EU EMISSION TRADING SYSTEM EXPENSIVE
January 3, 2006
Recently, the European Union (EU) launched the European Union's Emissions Trading Scheme (EU ETS) as a way to meets its Kyoto Protocol commitments to cut greenhouse gas emissions by 8 percent below what the EU emitted in 1990. An analysis by Ronald Bailey finds that the ETS is not significantly stopping global warming and costs far more than expected.
The ETS allows both CO2 producers and emitters to trade permits. It has allocated 2.2 billion allowances to emit CO2 among the 11,500 facilities it covers.

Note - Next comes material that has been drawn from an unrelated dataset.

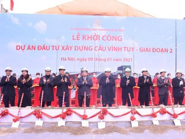 Sáng 9/1, UBND TP Hà Nội đã khởi công xây dựng dự án cầu Vĩnh Tuy- giai đoạn 2.
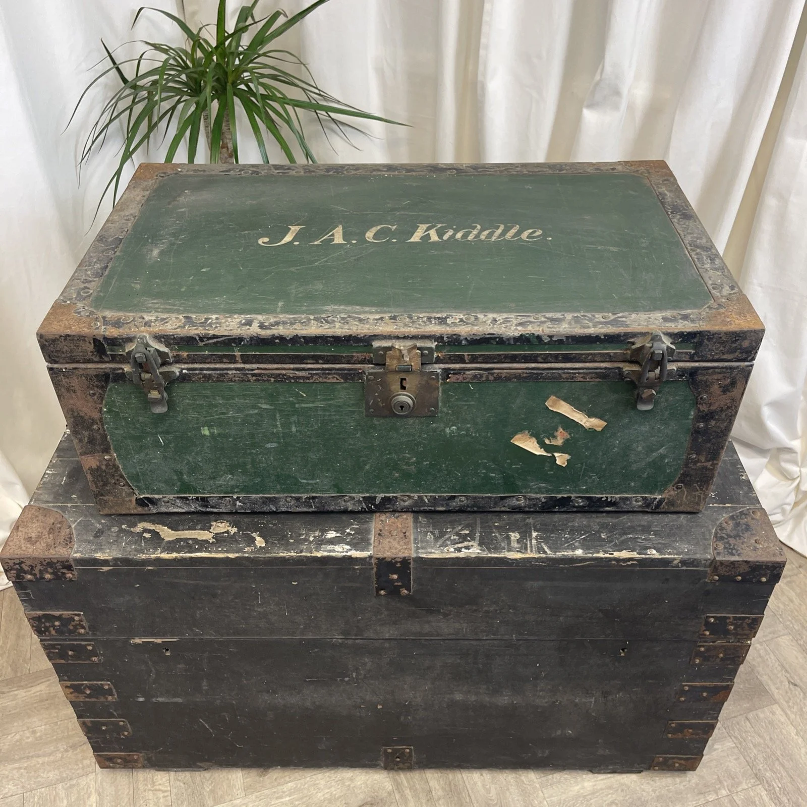 Vintage Luggage Trunks X2 WW1 Soldier Lt J.A.C.Kiddle Shipping Steamer Boxes

According to Bailey:
- Abyd Karmali (an energy consultant) estimated that the allocations have lowered emissions by perhaps 50 million tons compared with what they would otherwise have been in a business-as-usual scenario.
- This is a negligible amount that will not affect global warming.
- Even if all the cuts mandated by the Kyoto Protocol were achieved (a reduction of about 700 millions tons of CO2 emitted per year), they would spare the earth an insignificant 0.02 to 0.28 degrees of warming by 2050.
Despite the negligible effects, the ETS is expensive:
- Before CO2 trading began, models devised by consultants projected that the price of a ton of carbon would be less than 10 Euros.
- After opening at 5 to 7 Euros, the price rose steeply to nearly 30 Euros by September, before settling back at around 22 Euros.
- Meanwhile, European wholesale electricity prices have soared, rising from about 28 to over 40 Euros per megawatt hour during the past year.
Bailey argues that the EU's experience demonstrates that even with economic markets, reducing CO2 emissions will be very costly.